§ **What needs to be done**
A verbatim copy of the data is wanted, minus any picture in it.

§ **Source data**
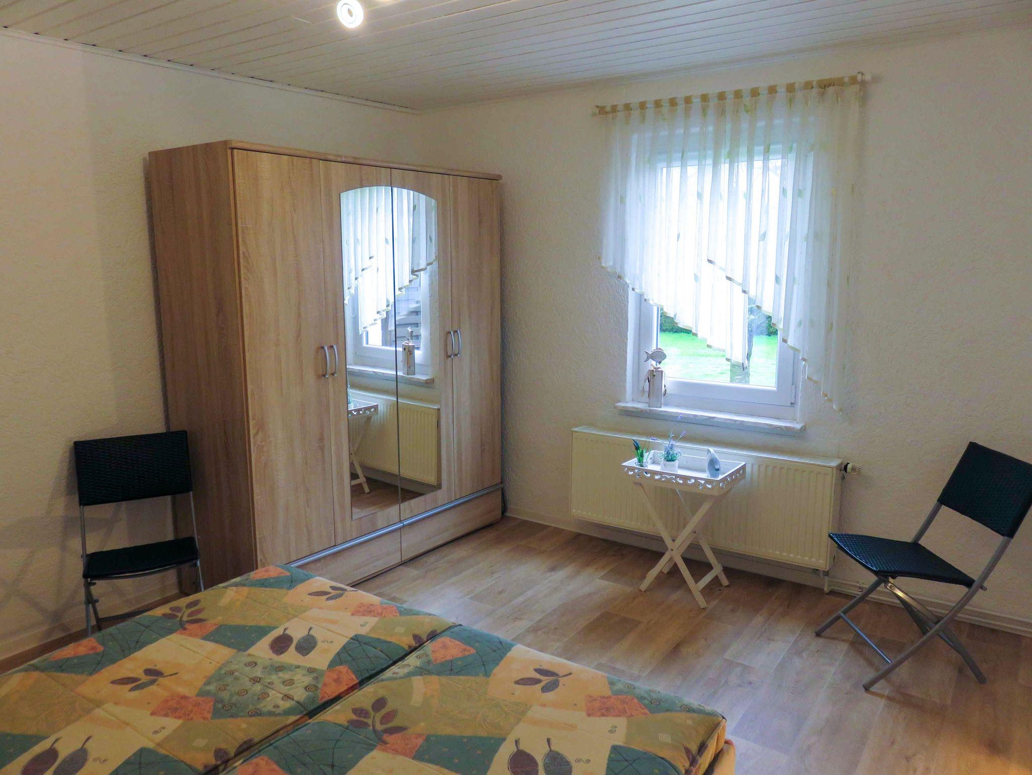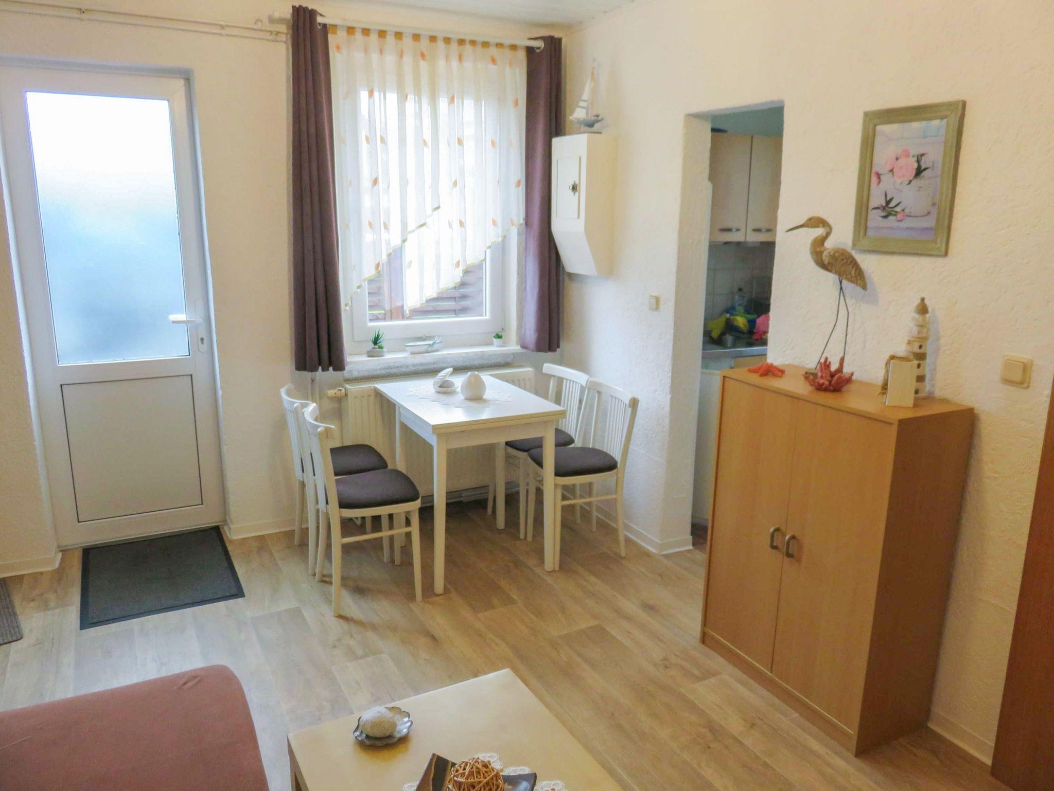 Der gemütliche Bungalow Alms in Ribnitz-Damgarten bietet auf 40 m² Platz für 4 Personen. Ruhig gelegen und umgeben von viel Grün, verspricht er Erholung pur. Im Wohnzimmer findest du ein Schlafsofa und einen Esstisch, die zu gemeinsamen Mahlzeiten oder entspannten Abenden einladen. Das separate Schlafzimmer mit einem bequemen Doppelbett sorgt für erholsame Nächte. Eine praktische Pantry-Küche bietet dir alles, was du zum Zubereiten von Snacks oder kleinen Mahlzeiten benötigst und das Bad mit Dusche macht den Bungalow komplett. Draußen bietet dir eine kleine Terrasse Platz zum Entspannen und der Garten kann ebenfalls mitgenutzt werden ? ideal für ein Frühstück im Freien oder einfach, um die frische Luft zu genießen. WLAN und ein Parkplatz stehen dir ebenfalls zur Verfügung.
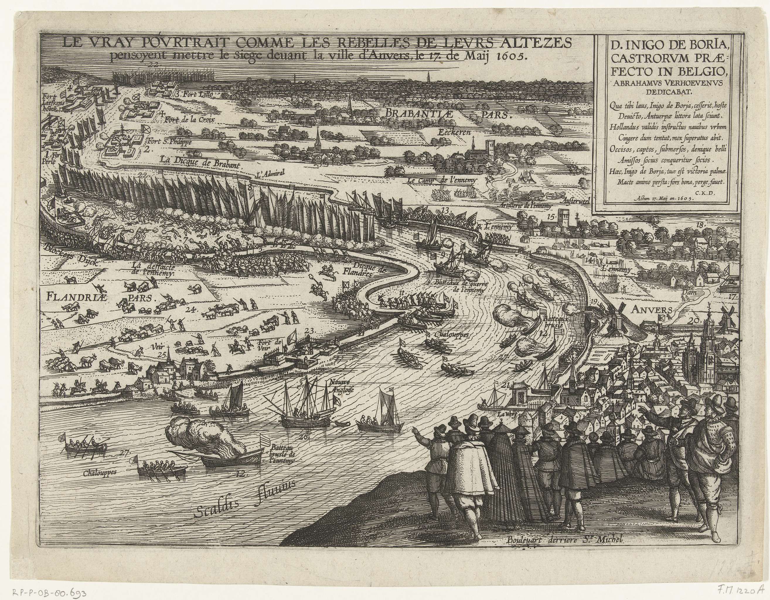 De mislukte aanslag op Antwerpen uitgevoerd door een Staatse vloot onder bevel van graaf Ernst Casimir van Nassau, 17 mei 1605. De Staatse vloot op de Schelde wordt beschoten vanuit de forten en stellingen langs de oevers. Linksboven zware gevechten bij de Blokkersdijk. Op de voorgrond kijken Antwerpenaren naar de gevechten. Rechtsboven een cartouche met ...
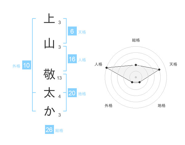 上山 敬太かさんを姓名の画数から五運を鑑定
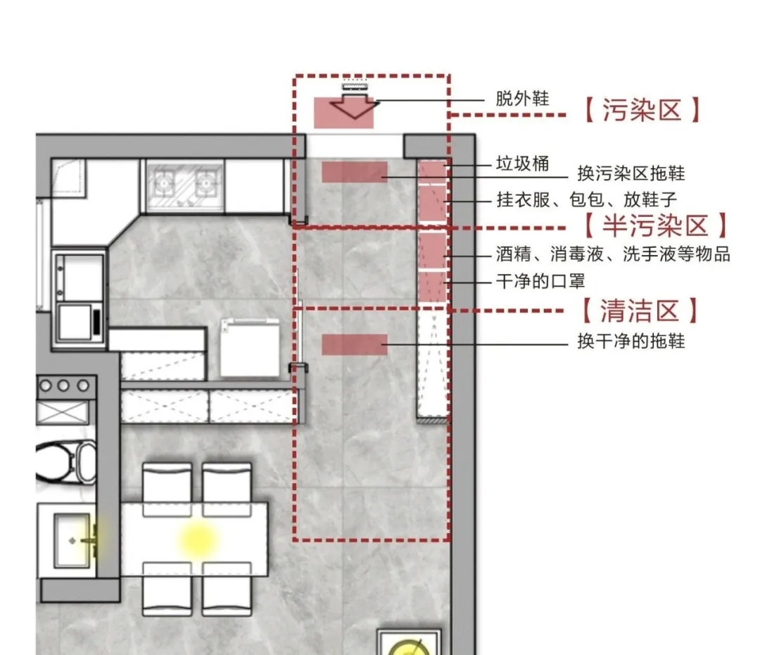 通過(guò)以上調(diào)查,結(jié)合當(dāng)前疫情環(huán)境,為了長(zhǎng)期的生活居住健康安全,說(shuō)明我們對(duì)玄關(guān)這個(gè)設(shè)計(jì)應(yīng)該多加一項(xiàng)功能,不僅僅是風(fēng)水,好看,它的功能性需求更為重要??赏ㄟ^(guò)分成【污染區(qū)】、【半污染區(qū)】、【清潔區(qū)】三個(gè)區(qū)域,實(shí)現(xiàn)美觀的同時(shí)并隔絕從外頭攜帶回的病菌。
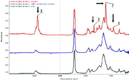 Fourier transform infrared spectroscopy – attenuated total reflectance (FTIR-ATR): ATR spectra were obtained (200 scans at 4cm-1 resolution) on a Nic-Plan FTIR microscope (Nicolet) using a Spectra-Tech ATR objective with zinc selenide crystal. System was purged with dry air and data was processed with Omnic 4.1 software (Nicolet).
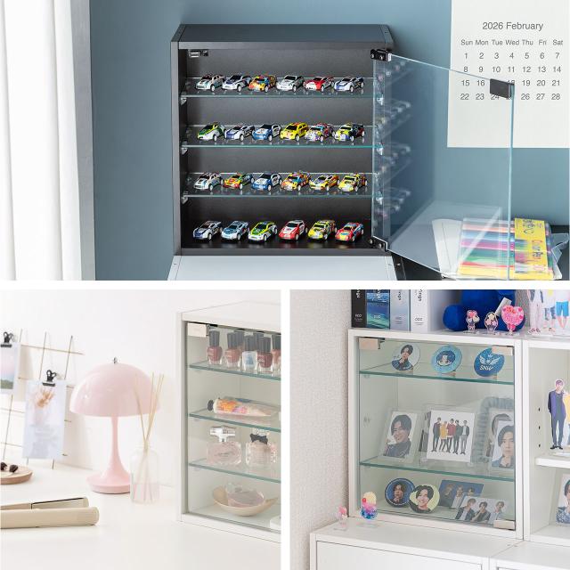 ⇒ご購入の前にご確認下さい推しグッズを魅せるも隠すも自由自在。組み合わせて増やせるキューブ型収納ボックスだから、アクスタや写真、周辺アイテムまで思い通りにレイアウト。あなたの推し空間が、もっと美しく、もっと好きになる。ガラス扉付き。4段式。ハーフサイズ。ブラック。【WEB限定商品】

§ **Worked solution**
 Der gemütliche Bungalow Alms in Ribnitz-Damgarten bietet auf 40 m² Platz für 4 Personen. Ruhig gelegen und umgeben von viel Grün, verspricht er Erholung pur. Im Wohnzimmer findest du ein Schlafsofa und einen Esstisch, die zu gemeinsamen Mahlzeiten oder entspannten Abenden einladen. Das separate Schlafzimmer mit einem bequemen Doppelbett sorgt für erholsame Nächte. Eine praktische Pantry-Küche bietet dir alles, was du zum Zubereiten von Snacks oder kleinen Mahlzeiten benötigst und das Bad mit Dusche macht den Bungalow komplett. Draußen bietet dir eine kleine Terrasse Platz zum Entspannen und der Garten kann ebenfalls mitgenutzt werden ? ideal für ein Frühstück im Freien oder einfach, um die frische Luft zu genießen. WLAN und ein Parkplatz stehen dir ebenfalls zur Verfügung.
 De mislukte aanslag op Antwerpen uitgevoerd door een Staatse vloot onder bevel van graaf Ernst Casimir van Nassau, 17 mei 1605. De Staatse vloot op de Schelde wordt beschoten vanuit de forten en stellingen langs de oevers. Linksboven zware gevechten bij de Blokkersdijk. Op de voorgrond kijken Antwerpenaren naar de gevechten. Rechtsboven een cartouche met ...
 上山 敬太かさんを姓名の画数から五運を鑑定
 通過(guò)以上調(diào)查,結(jié)合當(dāng)前疫情環(huán)境,為了長(zhǎng)期的生活居住健康安全,說(shuō)明我們對(duì)玄關(guān)這個(gè)設(shè)計(jì)應(yīng)該多加一項(xiàng)功能,不僅僅是風(fēng)水,好看,它的功能性需求更為重要??赏ㄟ^(guò)分成【污染區(qū)】、【半污染區(qū)】、【清潔區(qū)】三個(gè)區(qū)域,實(shí)現(xiàn)美觀的同時(shí)并隔絕從外頭攜帶回的病菌。
 Fourier transform infrared spectroscopy – attenuated total reflectance (FTIR-ATR): ATR spectra were obtained (200 scans at 4cm-1 resolution) on a Nic-Plan FTIR microscope (Nicolet) using a Spectra-Tech ATR objective with zinc selenide crystal. System was purged with dry air and data was processed with Omnic 4.1 software (Nicolet).
 ⇒ご購入の前にご確認下さい推しグッズを魅せるも隠すも自由自在。組み合わせて増やせるキューブ型収納ボックスだから、アクスタや写真、周辺アイテムまで思い通りにレイアウト。あなたの推し空間が、もっと美しく、もっと好きになる。ガラス扉付き。4段式。ハーフサイズ。ブラック。【WEB限定商品】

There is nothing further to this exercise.